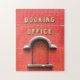 Ein fotografisches Design der Vorderseite eines alten Bahnhofsbüros, wo Sie Ihre Fahrkarten bei uns kaufen können.
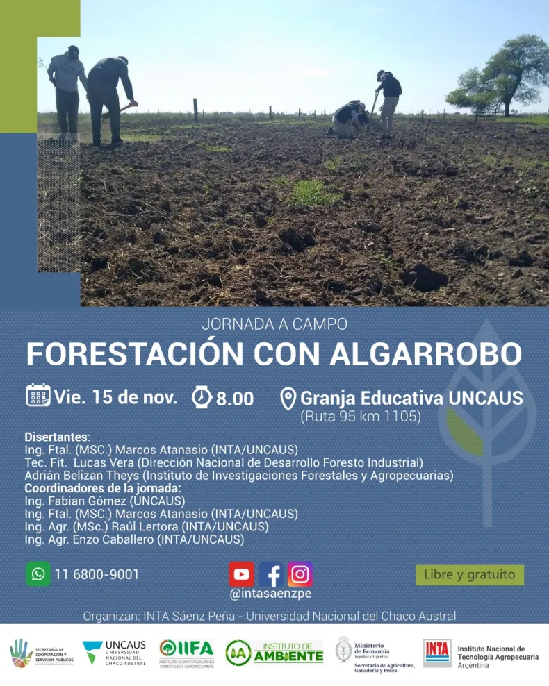 Las disertaciones estarán a cargo del Ing. Ftal. Marcos Atanasio (INTA/UNCAUS), Tec. Fit. Lucas Vera (Dirección Nacional de Desarrollo Foresto Industrial) y Adrián Belizan Theys (Instituto de Investigaciones Forestales y Agropecuarias). La actividad está coordinada por el Ing. Fabián Gómez (UNCAUS), Ing. Ftal. Marcos Atanasio (INTA/UNCAUS), Ing. Agr. Raúl Lertora (INTA/UNCAUS) y el Ing. Agr. Enzo Caballero (INTA/UNCAUS).
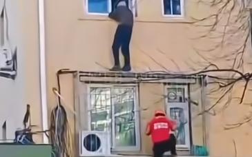 北京石景山区一老人被困窗外,一外卖员徒手攀爬与消防员合力救援
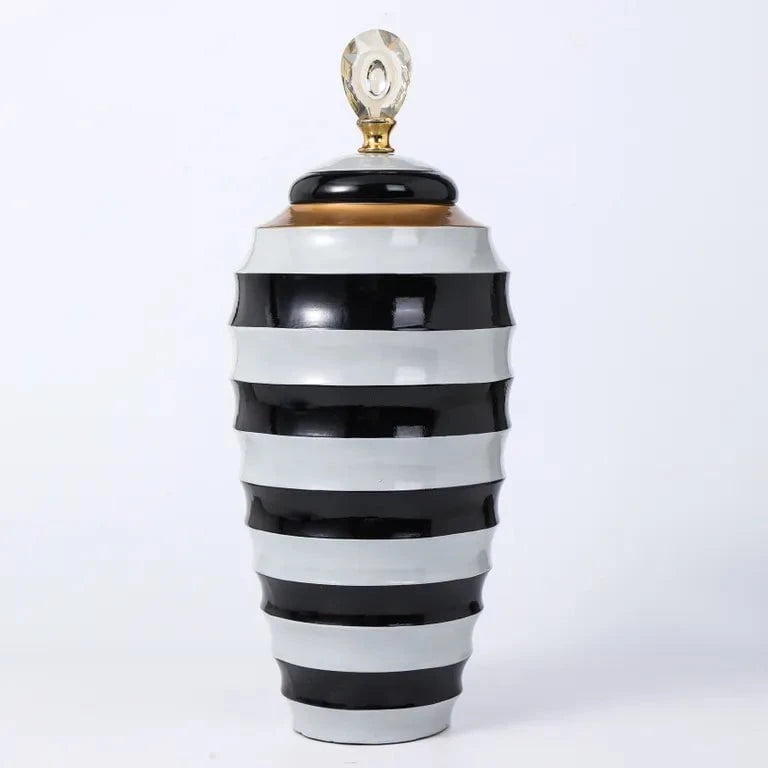 Elevate your space with the Monoluxe Lidded Vase - Large, a striking blend of modernist and glam design. Inspired by the classic Chinese ginger jar, this ceramic vase features a sleek black and white palette highlighted by elegant gold-toned accents. Its glossy glaze and sophisticated shape add a luxurious touch, making it the perfect statement piece for any home or office.

※

[Work task]
Return the material from above in full, exactly as written, with the pictures omitted.

[Solution for this task]
 Ein fotografisches Design der Vorderseite eines alten Bahnhofsbüros, wo Sie Ihre Fahrkarten bei uns kaufen können.
 Las disertaciones estarán a cargo del Ing. Ftal. Marcos Atanasio (INTA/UNCAUS), Tec. Fit. Lucas Vera (Dirección Nacional de Desarrollo Foresto Industrial) y Adrián Belizan Theys (Instituto de Investigaciones Forestales y Agropecuarias). La actividad está coordinada por el Ing. Fabián Gómez (UNCAUS), Ing. Ftal. Marcos Atanasio (INTA/UNCAUS), Ing. Agr. Raúl Lertora (INTA/UNCAUS) y el Ing. Agr. Enzo Caballero (INTA/UNCAUS).
 北京石景山区一老人被困窗外,一外卖员徒手攀爬与消防员合力救援
 Elevate your space with the Monoluxe Lidded Vase - Large, a striking blend of modernist and glam design. Inspired by the classic Chinese ginger jar, this ceramic vase features a sleek black and white palette highlighted by elegant gold-toned accents. Its glossy glaze and sophisticated shape add a luxurious touch, making it the perfect statement piece for any home or office.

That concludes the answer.